» Problem statement:
The reply should hold every record, copied exactly, and none of the pictures.
───── Data provided
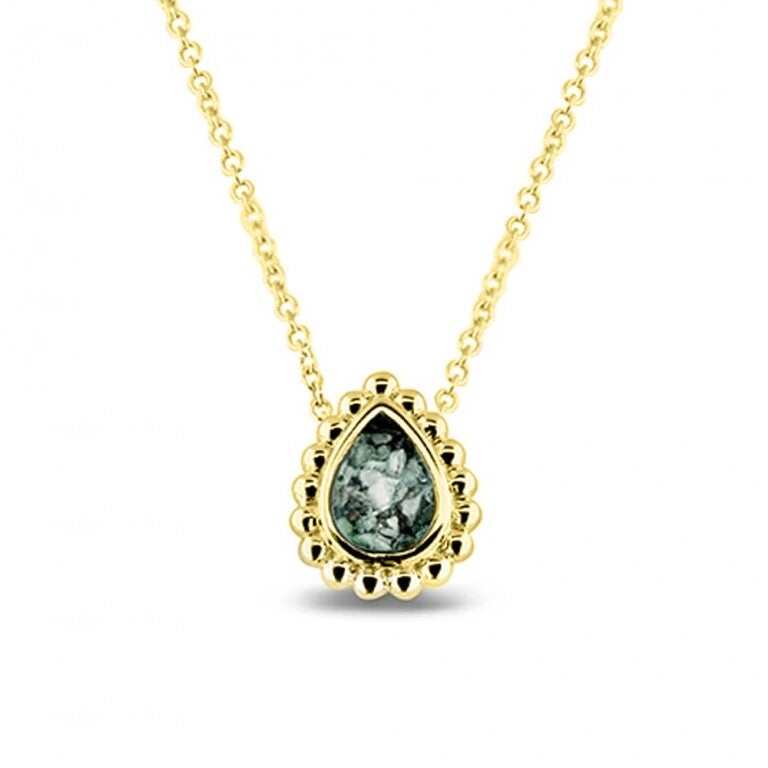 Traan hanger, inclusief collier. Dit sieraad wordt zichtbaar aan de voorkant gevuld met as en wordt vermengd met onze speciale hars.
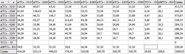 Таблица 12.2 Матрица ПЦТ пропорционально ёмкости станций
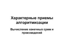 Характерные приемы алгоритмизации Вычисление конечных сумм и произведений
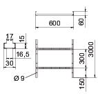 Description du produitÉchelle à câbles avec longeron perforé d'une hauteur de 60 mm, avec échelons VS rivetés (profilé en C) ouverts vers le haut.
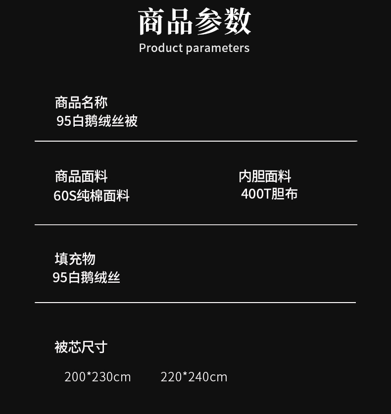 白鹅绒丝 200-230 填充1100克 春秋被
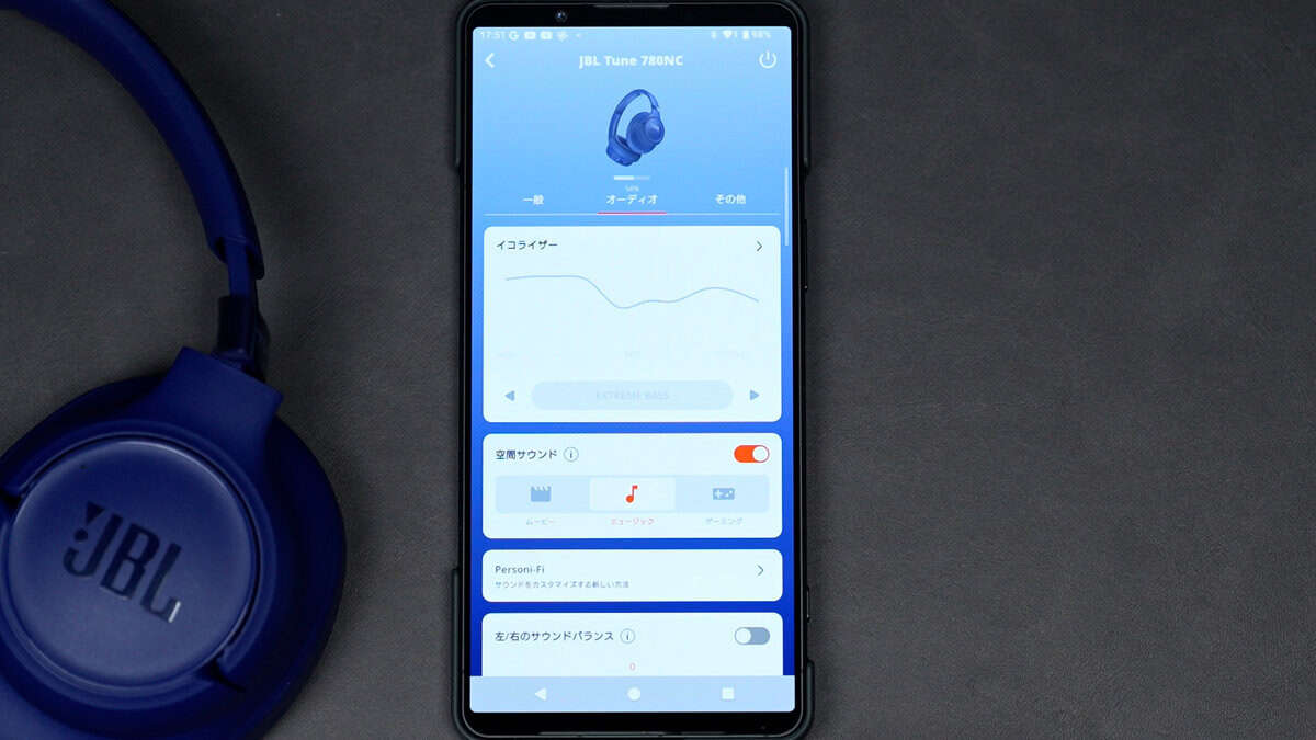 JBLの空間サウンドは優秀なので、コンテンツに合わせて使い分けてみてください。ちなみに本体操作のみで空間サウンドをON・OFFにもできます。
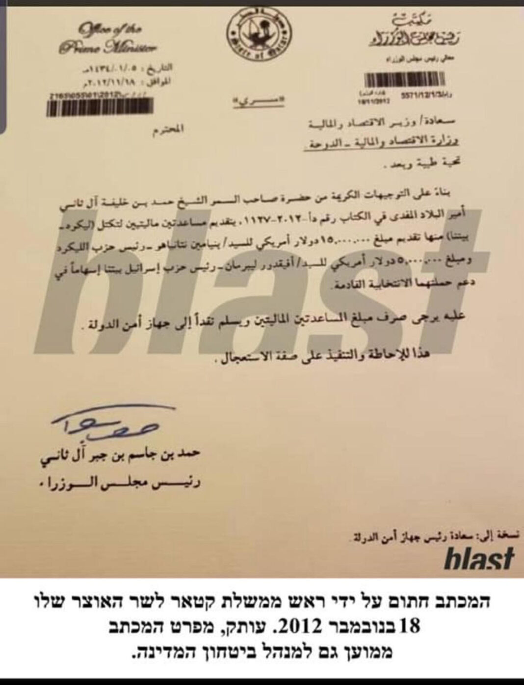 Pe fondul războiului israelo-palestinian a fost scurs acest document ce stipulează următoarele (traducere aproximativă): “În 2012 au fost executate din partea guvernului Qatar, cu aprobarea premierului și a ministrului de finanțe, două plăți cu bani cash în valoare de 15 milioane de dolari, respectiv 5 milioane de dolari, către doi lideri politici din Israel, spre a le servi în campania electorală. Serviciile secrete quatareze au ridicat sumele cash de la Banca Națională a Qatarului, apoi le-au livrat lui Bibi Netanyahu (15 mil $) și Avigdor Lieberman (5 mil $).”
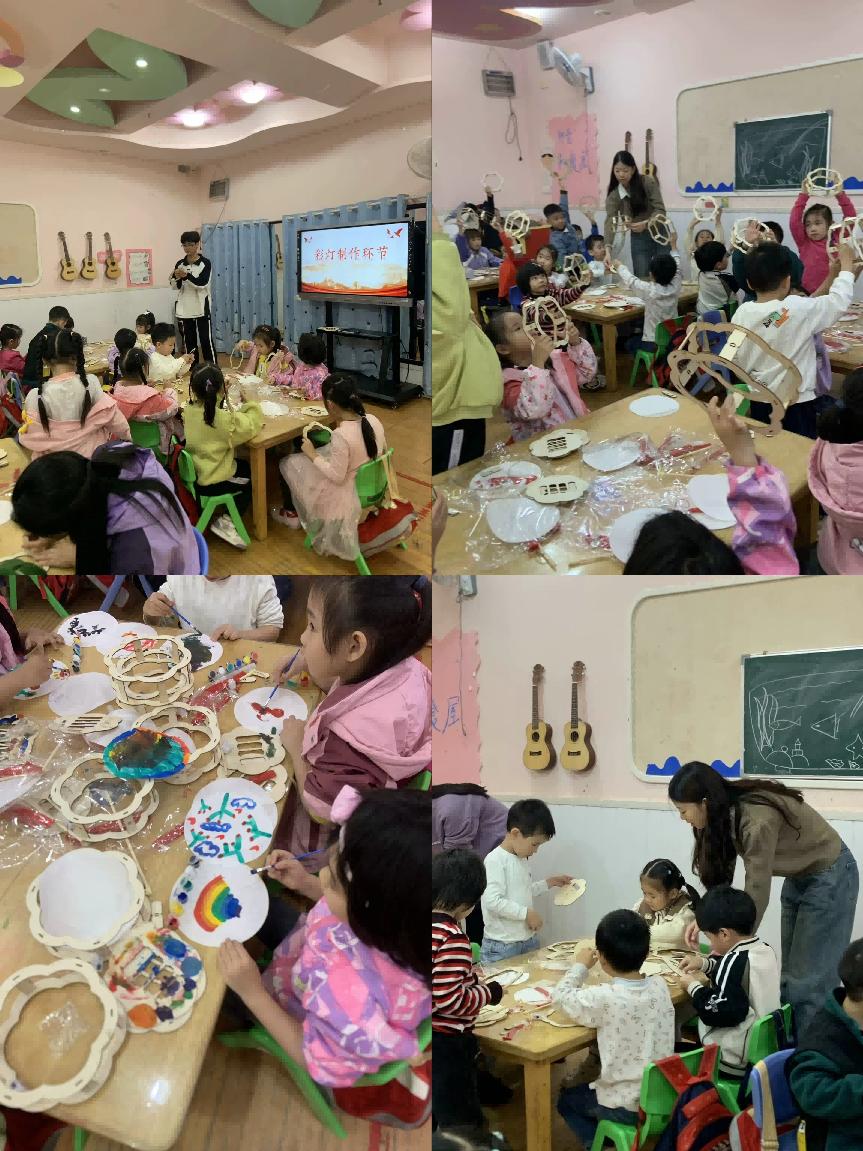 巧手繪彩燈,非遺亮童心。首場活動在圓圓幼兒園大班開展。團隊隊員周藝首先通過投影展示各式傳統彩燈圖片,介紹彩燈在春節、元宵等節日中的文化含義。接著分發材料:每人一套水彩工具、彩燈框架、膠水和宣紙。孩子們在隊員指導下,用水粉在宣紙上畫出彩虹、金魚、鮮花等圖案,學習將木框架拼接成立體形狀,將繪好的宣紙仔細粘貼在框架上。大班幼萌萌雙手舉著剛做好的彩虹彩燈,大聲向同伴介紹:“我的彩虹燈會發光!”活動現場二十余盞彩燈齊齊亮起,溫暖光芒映照著孩子們自豪的笑臉。
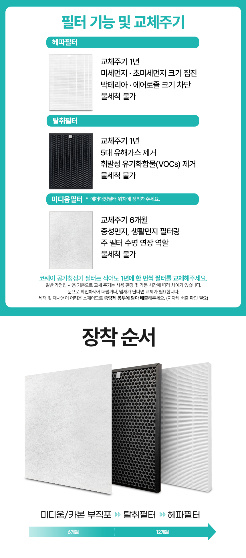 제품 구성: 헤파필터 1장, 탈취필터 1장, 미디움필터 2장
──────────
» Reply to the task:
 Traan hanger, inclusief collier. Dit sieraad wordt zichtbaar aan de voorkant gevuld met as en wordt vermengd met onze speciale hars.
 Таблица 12.2 Матрица ПЦТ пропорционально ёмкости станций
 Характерные приемы алгоритмизации Вычисление конечных сумм и произведений
 Description du produitÉchelle à câbles avec longeron perforé d'une hauteur de 60 mm, avec échelons VS rivetés (profilé en C) ouverts vers le haut.
 白鹅绒丝 200-230 填充1100克 春秋被
 JBLの空間サウンドは優秀なので、コンテンツに合わせて使い分けてみてください。ちなみに本体操作のみで空間サウンドをON・OFFにもできます。
 Pe fondul războiului israelo-palestinian a fost scurs acest document ce stipulează următoarele (traducere aproximativă): “În 2012 au fost executate din partea guvernului Qatar, cu aprobarea premierului și a ministrului de finanțe, două plăți cu bani cash în valoare de 15 milioane de dolari, respectiv 5 milioane de dolari, către doi lideri politici din Israel, spre a le servi în campania electorală. Serviciile secrete quatareze au ridicat sumele cash de la Banca Națională a Qatarului, apoi le-au livrat lui Bibi Netanyahu (15 mil $) și Avigdor Lieberman (5 mil $).”
 巧手繪彩燈,非遺亮童心。首場活動在圓圓幼兒園大班開展。團隊隊員周藝首先通過投影展示各式傳統彩燈圖片,介紹彩燈在春節、元宵等節日中的文化含義。接著分發材料:每人一套水彩工具、彩燈框架、膠水和宣紙。孩子們在隊員指導下,用水粉在宣紙上畫出彩虹、金魚、鮮花等圖案,學習將木框架拼接成立體形狀,將繪好的宣紙仔細粘貼在框架上。大班幼萌萌雙手舉著剛做好的彩虹彩燈,大聲向同伴介紹:“我的彩虹燈會發光!”活動現場二十余盞彩燈齊齊亮起,溫暖光芒映照著孩子們自豪的笑臉。
 제품 구성: 헤파필터 1장, 탈취필터 1장, 미디움필터 2장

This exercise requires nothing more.